Crítica de Alejandro Turdó - A Sala Llena

La odisea sin épica.

Si bien la versión de 1959 del mítico director William Wyler no fue la primera incursión cinematográfica de Judah Ben-Hur, el marco temporal del Hollywood dorado de la época de las mega producciones de MGM y la figura omnipotente de Charlton Heston la ubican como la primera y prácticamente única referencia en el inconsciente cinéfilo sobre esta historia de venganza y restitución con trazos religiosos. Contra esta pesada herencia se las tiene que ver Ben-Hur (2016), la actualización a cargo de Timur Bekmambetov (Se Busca, 2008; Abraham Lincoln: Cazador de Vampiros, 2012), un director más acostumbrado al cine de acción con ribetes fantásticos que al enfocado en la épica de aventuras.

La que se cuenta es la historia de Judah Ben-Hur, un hombre de clase alta de la Jerusalén contemporánea del hijo de Dios, quien es acusado injustamente por los romanos y traicionado por su mejor amigo y cuasi hermano, enviado al destierro y esclavizado, para regresar años después y dar paso a su tan esperada venganza. Si bien se agradecen las dos horas de duración en comparación con los 212 minutos de Wyler, esto impide que ciertas subtramas tengan el desarrollo necesario y hace a uno preguntarse si no hubiese sido mejor anulalarlas por completo. La reestructuración de ciertos episodios tampoco ayuda a cimentar un argumento más sólido.

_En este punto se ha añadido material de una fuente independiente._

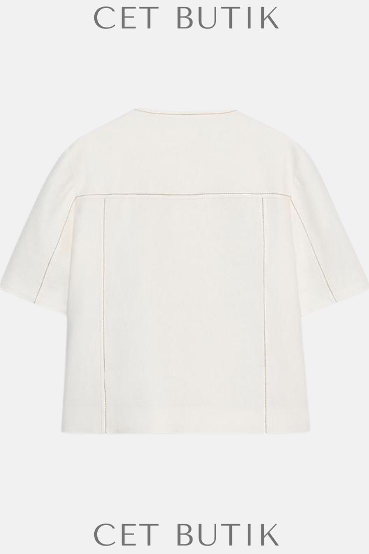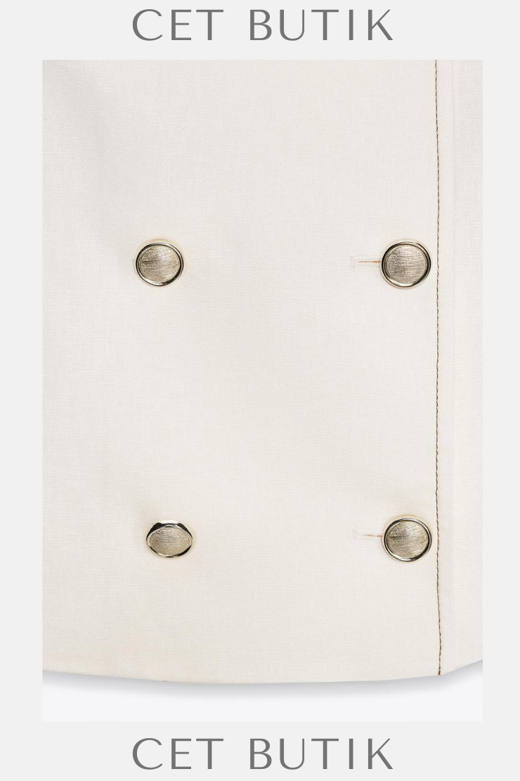 Zara Kadın Kısa Kollu Keten Karışımlı Blazer – Ekru | Şık Yaz Stili

Jack Huston nos da una interpretación tibia de Ben-Hur, un personaje atormentado por su derrotero y castigado por el destino, palideciendo en comparación con ese hombre de voluntad inquebrantable a quien supo dar vida Heston. Toby Kebbell no desentona en el papel de Messala Severus: si bien los villanos suelen ser los que mejor la pasan en este tipo de relatos, lo suyo tampoco es para los anales del séptimo arte. Mención aparte para Ilderim, el comerciante árabe interpretado por un Morgan Freeman que lleva inexplicablemente rastas en su cabeza, en lo que funciona más como un homenaje extraño al John Travolta de Batalla Final: Tierra que como una elección artística con sustento lógico. Por su parte, Rodrigo Santoro parece un actor nacido para interpretar a Jesús gracias a su “physique du role”.

Técnicamente de bajo vuelo, la producción parece más cercana a un telefilm que a una super producción clase A de un estudio “grande”, otra cuestión que la torna inferior en comparación con la versión clásica (tampoco posee una paleta de colores atractiva ni un tratamiento de imagen interesante). La resolución del tercer acto carece de una épica acorde al marco e incluso no parece animarse a incursionar en la brutalidad del material original, optando por un “happy ending” que echa por la borda el eje temático de la venganza y las consecuencias de los propios actos, dejando practicamente como un corolario el costado religioso del relato.